A related uncertainty involved speculating on why the observed increased risk prevailed throughout tax day. Again, an exact answer is not known. One possibility is that a major stressful deadline consumes a person’s attention and causes other priorities to accumulate. The person, therefore, cannot relax when the deadline is done but, instead, needs to next engage neglected secondary duties. All this implies that normality is not restored immediately after the deadline. Alternative interpretations also include accumulated sleep deficits, disrupted personal relationships, and lingering doubts about miscalculations.

Some journalists focused on our research design since the statistical approach was relatively simple and versatile. Most traffic science cannot be conducted using traditional experimental methods, and our study was not randomized, blinded, or prospective. The design, however, controlled for multiple confounders and came close to establishing causality without the traditional science approach that requires randomization (similar to a recent study of baseball career pitching statistics). The main limitation of our non-randomized design is that it cannot dissect the underlying mechanisms that summate to the observed risks.

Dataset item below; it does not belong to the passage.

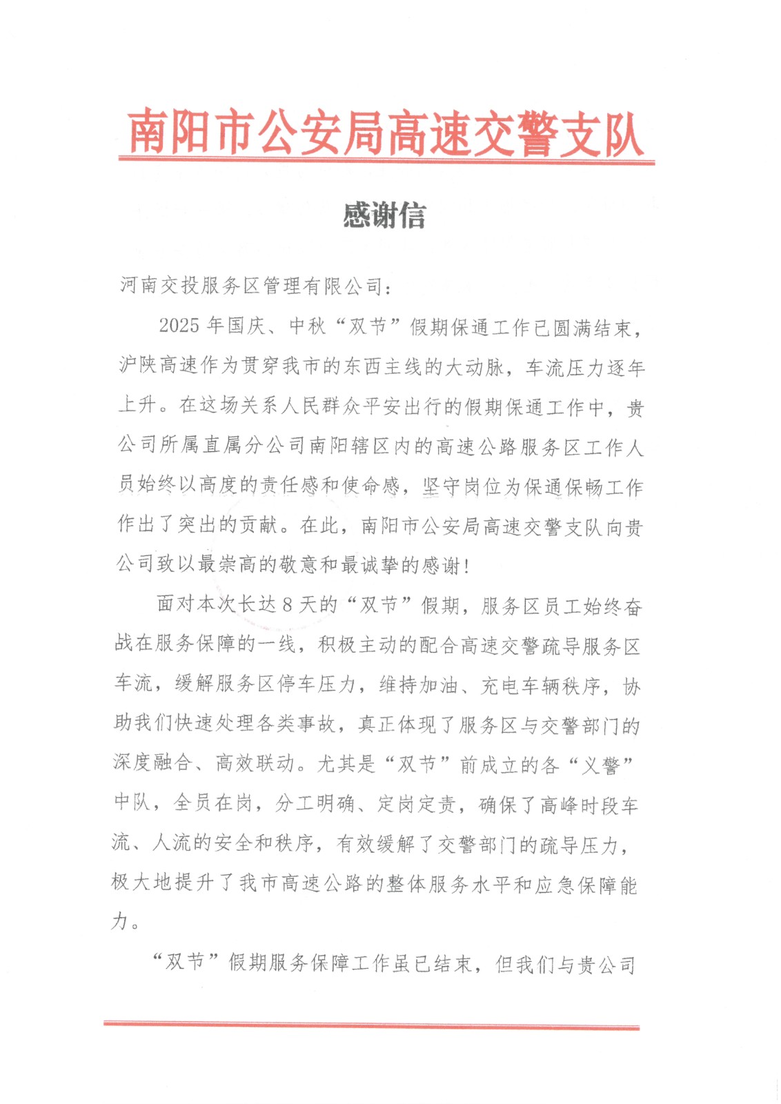 《一封感謝信 濃濃服務(wù)…》 10月10日,南陽(yáng)市公安局高速交警支隊(duì)向公司所屬直屬分公司寄來(lái)感謝信,表達(dá)對(duì)南陽(yáng)轄區(qū)內(nèi)…

Some readers were dismissive because our study lacked the glamour of large-scale science. We disagreed, of course, since the study had one advantage often missing in expensive science. Namely, all the necessary data were immediately available at no cost via the Internet. An ambitious high-school student, for example, could replicate the entire analysis and check results. This allowed the work to exemplify one of the most cherished elements of science; namely, some capacity to readily check for replication and for future repetition. Unfortunately, the ability to check for replication is far less feasible in large-scale science.

A few pundits asked whether the data indicated that income tax should be abolished. No, that’s a needlessly radical proposal since most traffic crashes can be entirely prevented by a small change in driver behaviour. Hence, death and taxes need not coincide if people could be slightly more reliable about road safety. Most vehicle trips do not result in a crash, and the scientific goal is to explain and avert only the trips that result in a misadventure. Moreover, the distinct effects of stress might also help explain those ironic coincidences where drivers fail to buckle their seatbelt during the one trip that results in a crash.

Journalists often inquire whether scientists are surprised by their results. In this case, we were not surprised. Road trauma destroys the lives of thousands of people every day and human error contributes to the majority of events. Stress has often been speculated as a contributing factor to human error and such impressions are often visible in hindsight. In our experience working at Canada’s largest trauma center, for example, we have observed too many patients with serious injuries that occurred because of common human errors. There is no way to avoid stress, yet there are countless ways to make a stressful situation worse.